→ **WHAT YOU SHOULD DO**
Go through the listing below and write out exactly the lines from the one that mentions "Tesori Płyn do" through the one that mentions "Elegantes Boho Wasserfarbe", minus the pictures.

→ **WORKING DATA**
************
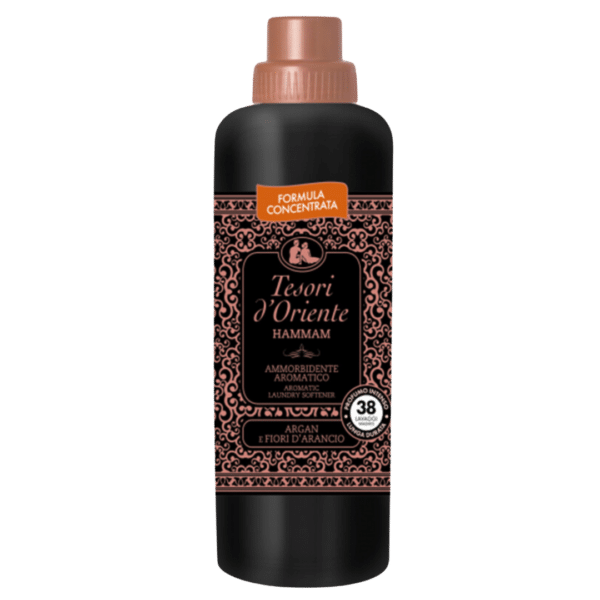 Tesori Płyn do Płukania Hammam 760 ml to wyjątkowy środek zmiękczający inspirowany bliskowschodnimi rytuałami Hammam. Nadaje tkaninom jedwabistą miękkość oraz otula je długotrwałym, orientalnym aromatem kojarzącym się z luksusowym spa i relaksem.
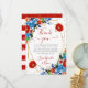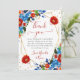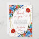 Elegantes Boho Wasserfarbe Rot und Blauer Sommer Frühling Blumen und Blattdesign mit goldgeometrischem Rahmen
************
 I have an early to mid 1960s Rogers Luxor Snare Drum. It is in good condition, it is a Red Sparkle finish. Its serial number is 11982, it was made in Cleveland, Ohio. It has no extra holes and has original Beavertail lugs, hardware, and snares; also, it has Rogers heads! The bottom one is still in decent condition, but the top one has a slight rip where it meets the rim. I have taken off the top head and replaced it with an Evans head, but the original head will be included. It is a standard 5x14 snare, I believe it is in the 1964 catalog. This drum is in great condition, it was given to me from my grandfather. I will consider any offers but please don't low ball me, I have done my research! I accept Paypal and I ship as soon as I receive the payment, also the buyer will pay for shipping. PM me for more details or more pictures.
************
→ **WRITTEN ANSWER**
 Tesori Płyn do Płukania Hammam 760 ml to wyjątkowy środek zmiękczający inspirowany bliskowschodnimi rytuałami Hammam. Nadaje tkaninom jedwabistą miękkość oraz otula je długotrwałym, orientalnym aromatem kojarzącym się z luksusowym spa i relaksem.
 Elegantes Boho Wasserfarbe Rot und Blauer Sommer Frühling Blumen und Blattdesign mit goldgeometrischem Rahmen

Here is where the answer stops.